嗨,我有一个以这种方式构建的稀疏csr矩阵:
userid = list(np.sort(matrix.USERID.unique())) # Get our unique customers
artid = list(matrix.ARTID.unique()) # Get our unique products that were purchased
click = list(matrix.TOTALCLICK)
rows = pd.Categorical(matrix.USERID, categories=userid).codes
# Get the associated row indices
cols = pd.Categorical(matrix.ARTID, categories=artid).codes
# Get the associated column indices
item_sparse = sparse.csr_matrix((click, (rows, cols)), shape=(len(userid), len(artid)))
原始matrix包含用户与网站上产品的互动。
我最终得到了这种格式的稀疏矩阵
(0, 4136) 1
(0, 5553) 1
(0, 9089) 1
(0, 24104) 3
(0, 28061) 2
(1, 0) 2
(1, 224) 1
(1, 226) 1
(1, 324) 2
(1, 341) 1
(1, 530) 1
(1, 642) 1
(1, 658) 1
如何将稀疏矩阵按第一个索引(用户)分组,并说训练集的前80%行和测试集的其他20%行。我应该以两个矩阵结束
培训:
(0, 4136) 1
(0, 5553) 1
(0, 9089) 1
(1, 0) 2
(1, 224) 1
(1, 226) 1
(1, 324) 2
(1, 341) 1
(1, 530) 1
测试:
(0, 24104) 3
(0, 28061) 2
(1, 642) 1
(1, 658) 1
答案 0 :(得分:1)
您可以使用StratifiedShuffleSplit(或者如果不想改组,也可以使用StratifiedKFold,但是您需要进行5次拆分才能获得80%/ 20%的训练/测试拆分,例如您无法通过其他方式控制测试大小。)scikit-learn中的类:
import sklearn.model_selection
import numpy as np
# Array similar to your structure
x = np.asarray([[0,4136,1],[0,5553,1],[0,9089,1],[1,0,2], \
[1,224,1],[1,226,1],[1,324,2],[1,341,1],[1,530,1]])
# Get train and test indices using x[:,0] to define the 'classes'
cv = sklearn.model_selection.StratifiedShuffleSplit(n_splits=1, test_size=0.2)

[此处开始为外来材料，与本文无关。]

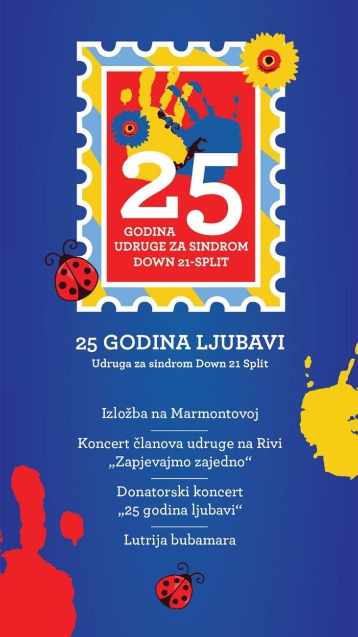 Program započinje izložbom "25 godina ljubavi" na Marmontovoj ulici, koja će biti otvorena od 19. ožujka, s autorskim fotografijama koje prikazuju život i aktivnosti članova udruge. U subotu, 22. ožujka, od 11 sati na splitskoj Rivi održat će se koncert članova udruge, uz brojne donatorske štandove, dok će u večernjim satima, od 20 sati, u restoranu Kampus biti organiziran veliki donatorski koncert.
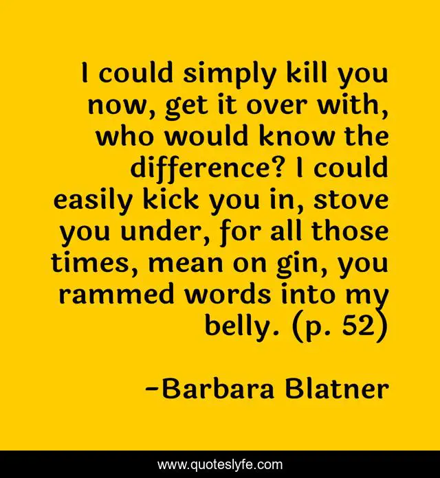 "Barbara Blatner Quotes." Quoteslyfe.com, 2025. Sat. 06 Dec. 2025. <https://www.quoteslyfe.com/quote/I-could-simply-kill-you-now-get-123776>.
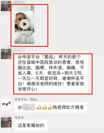 患者急性脑出血、脑梗、伴失语,偏瘫,不省人事,5天,柴胡加龙骨牡蛎汤+附片3剂,比明显好转,谢谢仲圣平台,谢谢涂华新导师的绝技!患者家属非常开心!家属特拍来视频。
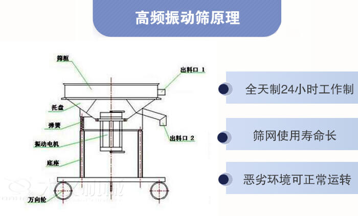 高頻振動篩又稱高頻過濾篩,結構簡單、體積小、具有高頻率,低耗能的特點

# Note, X isn't actually used in the method, np.zeros(n_samples) would also work
# Also note that cv.split is an iterator with 1 element (split),
# hence getting the first element of the list
train_idx, test_idx = list(cv.split(X=x, y=x[:,0]))[0]
print("Training")
for i in train_idx:
print(x[i,:2], x[i,2])
print("Test")
for i in test_idx:
print(x[i,:2], x[i,2])
我对稀疏矩阵没有太多经验,所以我希望您可以从我的示例中进行必要的调整。
答案 1 :(得分:0)
使用sklearn api train_test_split,您将为矩阵的此方法3个参数分配分裂比率和随机状态。如果您想以相同的结果再次分割,则随机状态非常有用。